═════ Exercise materials ═════

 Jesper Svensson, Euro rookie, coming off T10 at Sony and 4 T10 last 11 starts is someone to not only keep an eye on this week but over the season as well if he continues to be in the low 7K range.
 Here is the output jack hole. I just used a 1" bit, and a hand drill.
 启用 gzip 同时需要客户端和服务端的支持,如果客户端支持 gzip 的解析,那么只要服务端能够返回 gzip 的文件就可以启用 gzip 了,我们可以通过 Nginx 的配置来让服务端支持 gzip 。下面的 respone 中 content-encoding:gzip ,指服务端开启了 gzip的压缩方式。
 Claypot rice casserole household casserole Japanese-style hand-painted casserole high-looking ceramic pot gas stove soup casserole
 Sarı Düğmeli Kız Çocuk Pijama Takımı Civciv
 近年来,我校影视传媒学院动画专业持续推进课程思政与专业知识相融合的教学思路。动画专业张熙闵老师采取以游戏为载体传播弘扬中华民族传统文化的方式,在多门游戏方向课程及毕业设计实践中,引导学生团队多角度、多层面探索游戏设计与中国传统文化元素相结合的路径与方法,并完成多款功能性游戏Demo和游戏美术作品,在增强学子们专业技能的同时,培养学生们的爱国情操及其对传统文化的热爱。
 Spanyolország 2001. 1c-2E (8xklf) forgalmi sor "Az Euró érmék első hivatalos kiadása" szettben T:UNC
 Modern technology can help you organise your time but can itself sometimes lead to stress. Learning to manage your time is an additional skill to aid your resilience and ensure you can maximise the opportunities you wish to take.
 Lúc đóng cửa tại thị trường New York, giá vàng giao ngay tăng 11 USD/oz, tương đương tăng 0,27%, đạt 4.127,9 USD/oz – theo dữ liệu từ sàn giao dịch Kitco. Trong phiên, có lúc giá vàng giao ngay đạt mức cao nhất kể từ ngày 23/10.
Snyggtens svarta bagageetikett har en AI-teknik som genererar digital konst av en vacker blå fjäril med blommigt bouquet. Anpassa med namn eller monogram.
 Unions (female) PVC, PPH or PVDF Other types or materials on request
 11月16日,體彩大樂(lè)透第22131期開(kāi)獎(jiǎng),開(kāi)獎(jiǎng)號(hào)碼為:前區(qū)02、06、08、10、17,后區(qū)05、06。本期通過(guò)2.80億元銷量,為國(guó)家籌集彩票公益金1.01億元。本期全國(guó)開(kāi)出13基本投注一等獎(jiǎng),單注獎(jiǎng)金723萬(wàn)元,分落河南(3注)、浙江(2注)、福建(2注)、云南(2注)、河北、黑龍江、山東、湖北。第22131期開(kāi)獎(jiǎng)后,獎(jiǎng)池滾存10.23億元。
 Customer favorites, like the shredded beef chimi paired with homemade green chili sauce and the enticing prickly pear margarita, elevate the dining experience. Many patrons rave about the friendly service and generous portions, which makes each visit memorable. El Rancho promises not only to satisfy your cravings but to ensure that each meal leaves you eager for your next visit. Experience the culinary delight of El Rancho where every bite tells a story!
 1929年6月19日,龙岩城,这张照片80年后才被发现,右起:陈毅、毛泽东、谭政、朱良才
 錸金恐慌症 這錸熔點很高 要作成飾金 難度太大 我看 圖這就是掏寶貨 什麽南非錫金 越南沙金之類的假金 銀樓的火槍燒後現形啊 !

═════

Above are the records; from them, give again exactly the lines from the one containing "Lúc đóng cửa" through the one containing "Unions (female) PVC, PPH", both included.

## Answer to the problem
 Lúc đóng cửa tại thị trường New York, giá vàng giao ngay tăng 11 USD/oz, tương đương tăng 0,27%, đạt 4.127,9 USD/oz – theo dữ liệu từ sàn giao dịch Kitco. Trong phiên, có lúc giá vàng giao ngay đạt mức cao nhất kể từ ngày 23/10.
Snyggtens svarta bagageetikett har en AI-teknik som genererar digital konst av en vacker blå fjäril med blommigt bouquet. Anpassa med namn eller monogram.
 Unions (female) PVC, PPH or PVDF Other types or materials on request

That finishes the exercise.